ペンキが原因のアレルギー症状とは?発生源を知って対策しよう!

公開日 2025年4月22日 最終更新日 2025年4月22日

「ペンキ塗りたての空間にいたら気分が悪くなった」…そんな経験をしたことがある人は多いのではないでしょうか。

 

ペンキ(塗料)が原因のアレルギー症状として、皮膚のかゆみやめまい、頭痛、咳、目のかゆみ、喘息、鼻水、吐き気などさまざまなものが挙げられます。

一部のペンキはシックハウス症候群の原因にもなるため、重症化すると喘息が悪化する・胃腸障害を起こす・意識混濁になるといったケースもあり、軽視できません。

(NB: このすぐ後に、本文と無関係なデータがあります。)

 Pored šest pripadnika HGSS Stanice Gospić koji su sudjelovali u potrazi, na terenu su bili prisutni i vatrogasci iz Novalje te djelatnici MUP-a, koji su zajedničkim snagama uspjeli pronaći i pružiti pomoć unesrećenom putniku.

そこで今回は、ペンキが原因のアレルギー症状・健康障害について、発生源から対策法をご紹介していきます。シックハウス症候群についても併せて解説しますので、アレルギーで悩んでいる方の参考になれば幸いです。

ペンキが原因の健康障害には3種類ある

ペンキが原因の健康障害には「アレルギー疾患」「化学物質過敏症」「シックハウス症候群」の3種類があります。3つには共通する症状がみられますが、発生源やメカニズムが異なるため、違いを知っておきましょう。

アレルギー疾患とは?

アレルギー疾患は、特定のアレルゲンに対する過剰な免疫反応が原因で起こるものです。

ペンキが原因のアレルギー疾患もありますが、代表的なものに花粉症(アレルギー性鼻炎)やアトピー性皮膚炎なども挙げられます。

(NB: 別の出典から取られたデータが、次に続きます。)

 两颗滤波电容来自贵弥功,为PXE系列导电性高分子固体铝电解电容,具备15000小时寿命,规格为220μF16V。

主な発生源は花粉、ハウスダスト(埃・ダニ)、食品、薬剤などです。症状は、くしゃみや目のかゆみ、発疹、皮膚炎、呼吸困難などがあります。遺伝的な要因と環境的な要因が関与して発症するといわれています。

化学物質過敏症とは?

化学物質過敏症は、特定の物質が原因で精神・身体的な症状が起こる疾患です。

いったん発症すると少量でも症状が起こる点がアレルギー疾患と似ています。アレルギー疾患との違いとして、自律神経系に作用して発症すること、免疫系や内分泌系も関係していることが挙げられます。主な発生源は人工香料、ペンキ(塗料)、日用品、農薬、煙草、排気ガスなどです。アレルギー疾患と同様の症状が出るほか、頭痛や倦怠感、不眠、めまい、気道障害などが生じ、日常生活に支障をきたす場合もあります。

シックハウス症候群とは?

テレビのニュース番組や新聞などで見聞きしたことがある人は多いと思います。言葉は知っていても、具体的な症状や発生源などはよくわからない、という人は多いのではないでしょうか。

シックハウス症候群とは、主に住宅の新築やリフォーム後に発生する体調不良のことです。

新築やリフォーム以外にも、住居内の空気汚染が原因で発生することがあるため、どんな人にもかかるリスクはあります。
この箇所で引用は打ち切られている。